En 2011, Ronaldo Schemidt, fotógrafo de AFP, y yo fuimos enviados a Durango, un estado del norte de México conocido por ser la tierra de Pancho Villa. En esos días habían localizado cerca de 300 cuerpos en fosas clandestinas en plena ciudad.

Nadie quería hablar de eso, cuando la gente nos veía acercarnos callaba y nos cerraba la puerta en la cara. Buscando, nos topamos con una escena dantesca.

En un pequeño estacionamiento de la fiscalía estatal había dos trailers con los motores prendidos. Las cajas estaban llenas de restos humanos envueltos en sábanas blancas manchadas de sangre y todo tipo de fluidos. Dos forenses trabajaban sobre cadáveres en camillas, parados sobre la puerta abierta horizontalmente de los vehículos; en el suelo había cuerpos tirados, cubiertos. Todo al aire libre. Eran tantos los muertos que no había morgue que alcanzara. Trataban de mantenerlos en los congeladores de los trailers.

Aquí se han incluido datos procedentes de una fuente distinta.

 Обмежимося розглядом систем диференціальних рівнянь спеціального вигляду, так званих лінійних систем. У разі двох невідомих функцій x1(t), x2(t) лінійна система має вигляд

La policía científica examina una fosa descubierta en El Arenal, en el estado Jalisco, en abril de 2013 (AFP / Héctor Guerrero)

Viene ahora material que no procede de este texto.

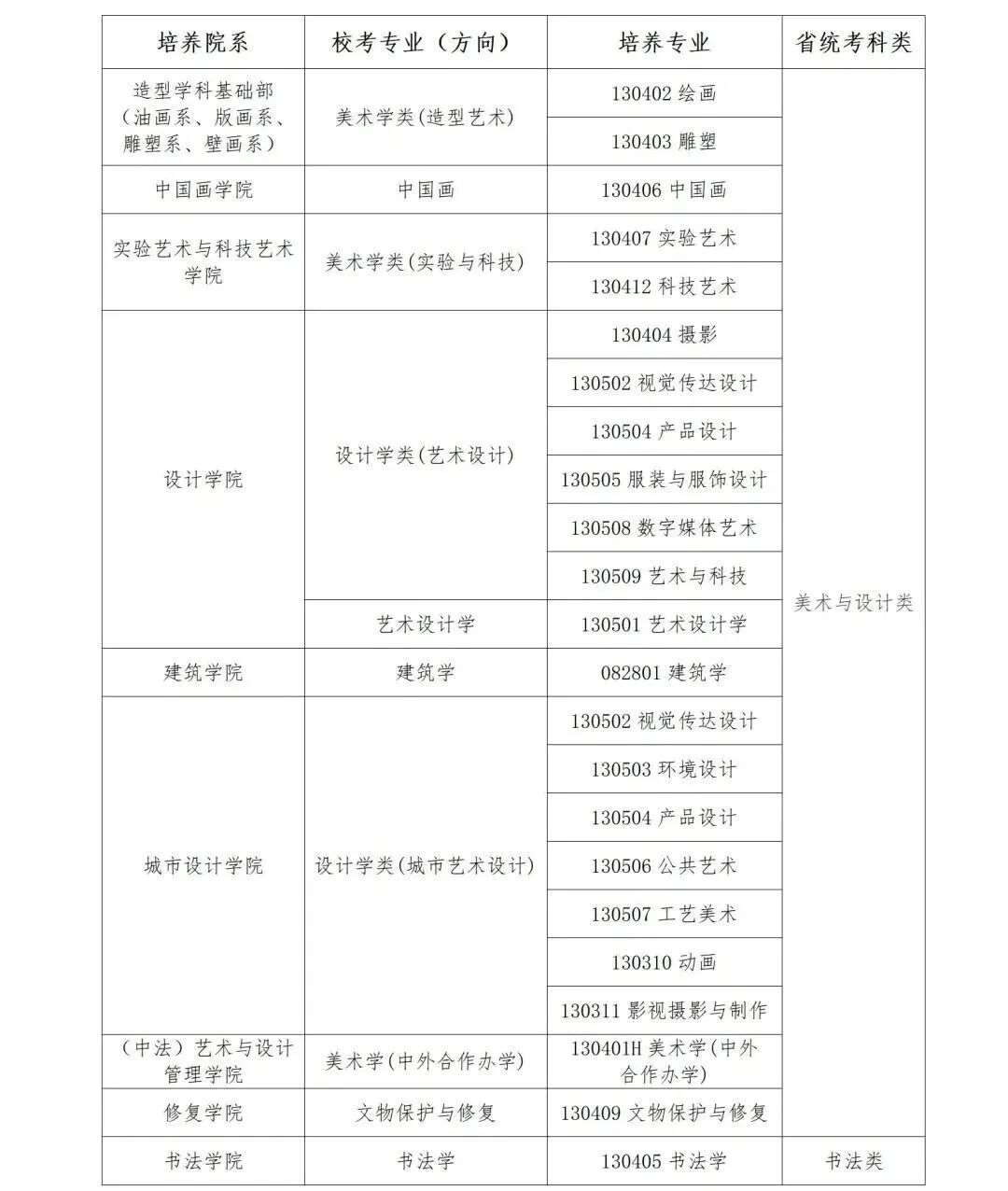 中央美术学院2026年本科招生校考专业(方向)省统考科类对应要求发布

Una ráfaga de aire podrido me golpeó la cara. Tuve que recargarme en una pared para contener las náuseas. Ronaldo y otro fotógrafo tomaban instantáneas cuando un pelotón de agentes de la fiscalía salió del edificio. Un periodista local que iba con nosotros corrió y todos hicimos lo mismo detrás de él.

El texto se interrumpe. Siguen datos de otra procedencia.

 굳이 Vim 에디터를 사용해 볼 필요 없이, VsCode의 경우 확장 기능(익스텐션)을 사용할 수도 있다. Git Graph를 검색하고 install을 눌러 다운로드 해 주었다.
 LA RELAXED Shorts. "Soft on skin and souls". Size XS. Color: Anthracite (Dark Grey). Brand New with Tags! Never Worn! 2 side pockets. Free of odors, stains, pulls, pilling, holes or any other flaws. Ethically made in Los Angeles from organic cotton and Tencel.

A las autoridades, que en esos lugares suelen estar coludidas con los carteles, no les gustó que hubiéramos metido las narices donde nadie lo había hecho antes. Hasta ese momento no se sabía dónde estaban los cadáveres hallados en las fosas clandestinas.

La policía científica examina una fosa descubierta en El Arenal, en el estado Jalisco, en abril de 2013 (AFP / Héctor Guerrero)

Ese mismo día nos hicieron llegar una amenaza velada diciendo que habíamos violado el secreto de una investigación judicial. En un lugar donde la justicia funciona con normalidad no nos hubiera preocupado tanto, pero en Durango, donde los narcos se movían en camionetas idénticas a las que usan los agentes de la fiscalía, era imposible distinguir quién nos seguía. En los lugares donde estaban las fosas había halcones por todos lados. Dormimos con un ojo cerrado y otro abierto hasta que salimos de ahí.

Amenazas de muerte

El riesgo para los periodistas en México, especialmente los que viven en esas localidades, no es que te lastimen en un enfrentamiento armado, sino que los personeros de los cárteles lleguen en camionetas y te levanten en un abrir y cerrar de ojos. Algunas veces han llegado a las puertas de las redacciones o de las casas de los colegas, los suben a sus vehículos y simplemente se los llevan. Pocos han regresado, algunos han sido hallados muertos y de otros nada se supo.

Búsqueda de los cuerpos de 43 estudiantes desaparecidos en Cocula, en el estado de Guerrero, el 8 de octubre de 2014 (AFP / Yuri Cortez)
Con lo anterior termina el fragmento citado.